As the wolf prepared another attack, Graham yanked the phone off his belt and flipped it open. “What?”

“Graham,” came the breathless voice of his more-or-less girlfriend, a human called Misty.

Everything slowed. Graham saw in his mind the curvy young woman with light brown hair she wore in a ponytail, her soft face, and her sweet brown eyes. Every thought of her was like a breath of air, snaking into his messed-up brain and trying to soothe him. Graham wished he was with her now, teasing her, kissing her, instead of trying to beat an insubordinate wolf into submission.

“I’m a little busy right now, sweetheart,” Graham said loudly as the wolf landed on him. A wooden chair smashed under them as they both slammed to the floor—damn, he liked that chair. “You break my TV, you’re dead,” Graham snarled.


“Not you, sweetie. I’ll have to call you back.”

“You can’t. Graham, listen, I need you. They’re . . . Oh, crap.”

“What?” Graham bellowed. “Slow down. What are you saying?”

“I have to go. I don’t know when I can call you again.”

Graham’s shift was coming. In a few seconds, he wouldn’t be able to hold the phone, let alone talk. “Wait!” he yelled at her.

“I can’t. I’ve got to go. Graham, I lo—”

The phone clicked, and Graham was shouting at a dead line. “What? Wait! Misty! Fuck.”

He threw the phone across the room and lifted the attacking wolf by the scruff of the neck. “Would you stop, you as**ole?”

The wolf snarled, teeth snapping at Graham’s throat. The wolf in Graham responded. He felt his body change, muscles becoming harder and leaner, face elongating to accommodate teeth, claws jutting from fingers that quickly became paws.

With an ear-splitting snarl, Graham went for the other wolf’s throat, snapping teeth around fur.

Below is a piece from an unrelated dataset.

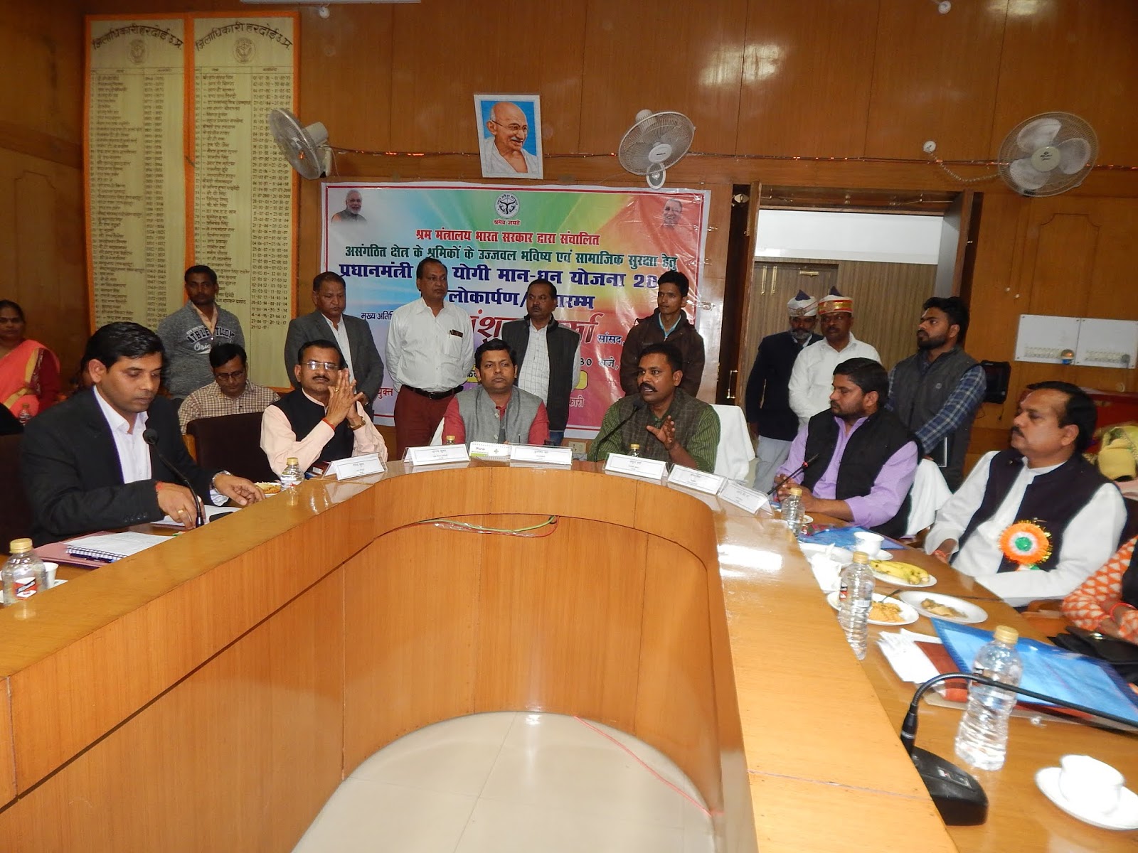 श्रमेव जयते के तहत श्रम मंत्रालय भारत सरकार द्वारा अंसगठित क्षेत्र के श्रमिकों के उज्ज्वल भविष्य एवं सामाजिक सुरक्षा हेतु संचालित प्रधानमंत्री श्रम योगी मान-धन योजना का लोकापर्ण/शुभारंभ कलेक्टेªट सभागार में आयोजित कार्यक्रम में मुख्य अतिथि रूप में मा0 सांसद अंशुल वर्मा ने दीप जलाकर एवं मां सरस्वती के चित्र पर माल्यार्पण कर किया। इस अवसर मा0 सांसद ने कहा कि मा0 प्रधानमंत्री जी द्वारा चलाई गयी यह योजना असंगठित कर्मकारों को अपनी आयु के 60 वर्ष पूरे होने पर 3000रू0 मासिक पेंशन मिलेगी जो उनके भविष्य को उज्ज्वल बनायेगा।
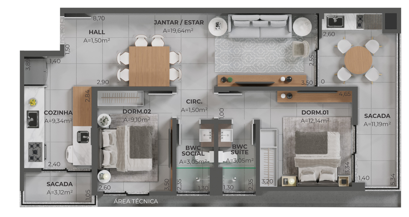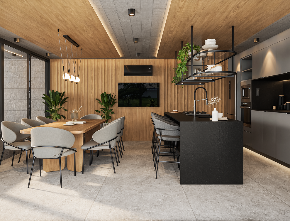 Ambientes funcionais que unem lazer e praticidade no dia a dia.

At the last minute, the alpha in him told him not to kill. Graham was this wolf’s protector, not its enemy. The wolf needed to be taught its place, not destroyed.

Not that Graham wouldn’t rough it up a bit. But quickly. He needed to find out what was wrong with Misty. The fear in her voice had been clear, the desperation palpable. They’re . . . What? Here? Coming? Killing me?

Graham’s Collar kept snapping arcs into his neck. He held on to the throat of the fighting wolf, not letting the Collar stop him.

Dominance didn’t have anything to do with Collars, or pain, or fighting. Dominance was about putting full-of-themselves, arrogant Lupine Shifters in their place. Graham got the wolf on the floor and stepped on it, and then shifted to human again, breathing hard, his clothes in tatters.

“Stay down.” The words were hard, final.

The wolf snarled again, then became human—lanky, dark-haired, gray-eyed—typical Lupine. Except this one was female.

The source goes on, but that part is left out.